Friday, April 12, 2013

i try, but i can't help it, i find julianne moore annoying

I think I'm supposed to like Julianne Moore — we all are, aren't we? She's a multi-Academy Award nominated actress (Boogie Nights, The End of the Affair, Far from Heaven, The Hours). But when I see her in a movie I can't help it, I cringe inwardly. I'm sure in real life she's just delightful — she seems like she would be from interview snippets I've seen. As I took a glance at some of the movies that I have seen her in over the years I started to feel better. I think I'm supposed to dislike her. Either that, or the majority of parts she has selected (or has been chosen) to play are intrinsically annoying characters. Really. Moore even supports my argument:
"I never care that [my characters] are "strong". I never care that they're even affirmative. I look for that thing that's human and recognizable and emotional. You know, we're not perfect, we're not heroic, we're not in control. We're our own worst enemies sometimes, we cause our own tragedies ... that's the stuff that I think is really compelling." — Wikipedia citing "Episode 7, Julianne Moore". Inside the Actors Studio.
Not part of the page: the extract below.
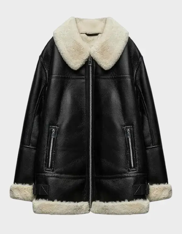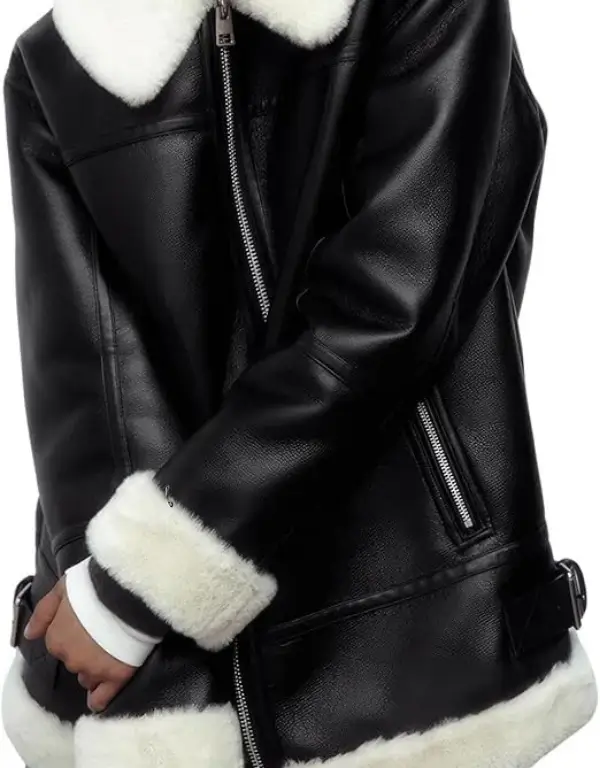 Elevate your winter wardrobe with this Women’s Black Genuine Sheepskin B3 Bomber Leather Jacket from Shearling Jacket Hub. Crafted from 100% genuine sheepskin leather, this jacket offers unparalleled warmth and durability. The luxurious faux shearling lining ensures you stay cozy even in the coldest temperatures, while the faux fur-trimmed cuffs and hem add a touch of elegance.

Season 9. December 22, 2002.
Well that makes me feel a little less guilty. Let's review.

The Lost World: Jurassic Park: Save yourself - she's dangerous!
1995's Nine Months is probably the first movie I ever saw Moore in, and it wasn't a pleasant introduction. The entire film is offensive, but her whining, cliched pregnant woman is so annoying that it's understandable boyfriend Hugh Grant is having second thoughts about their relationship.
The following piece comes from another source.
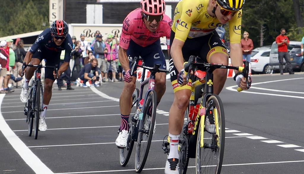 Petindvajsetletni Pogačar je napadel dobrih 800 metrov pred vrhom in ob tem strl Vingegaarda (Visma-Lease a Bike).

She was equally annoying in The Lost World: Jurassic Park (1997) as intrepid, downright foolhardy scientist Sarah Harding, who nearly gets boyfriend Jeff Goldblum eaten by ferocious dinosaurs and anyone else who happens to get in the way, too.

I found all of 2002's The Hours pretty obnoxious, especially Nicole Kidman's so-noticeable proboscis prosthesis as author Virginia Woolf, so it probably isn't fair to single out Moore's character of Laura Brown, who is supposed to be a modernized Clarissa Dalloway. But I will, anyway.

2002's Far from Heaven is supposed to be Moore's masterpiece. It is visually compelling, and she gives it her all, but I didn't connect with her tortured '50s housewife as much as I did her wardrobe.

Far From Heaven: Cool sunglasses
A Single Man: With friends like these ...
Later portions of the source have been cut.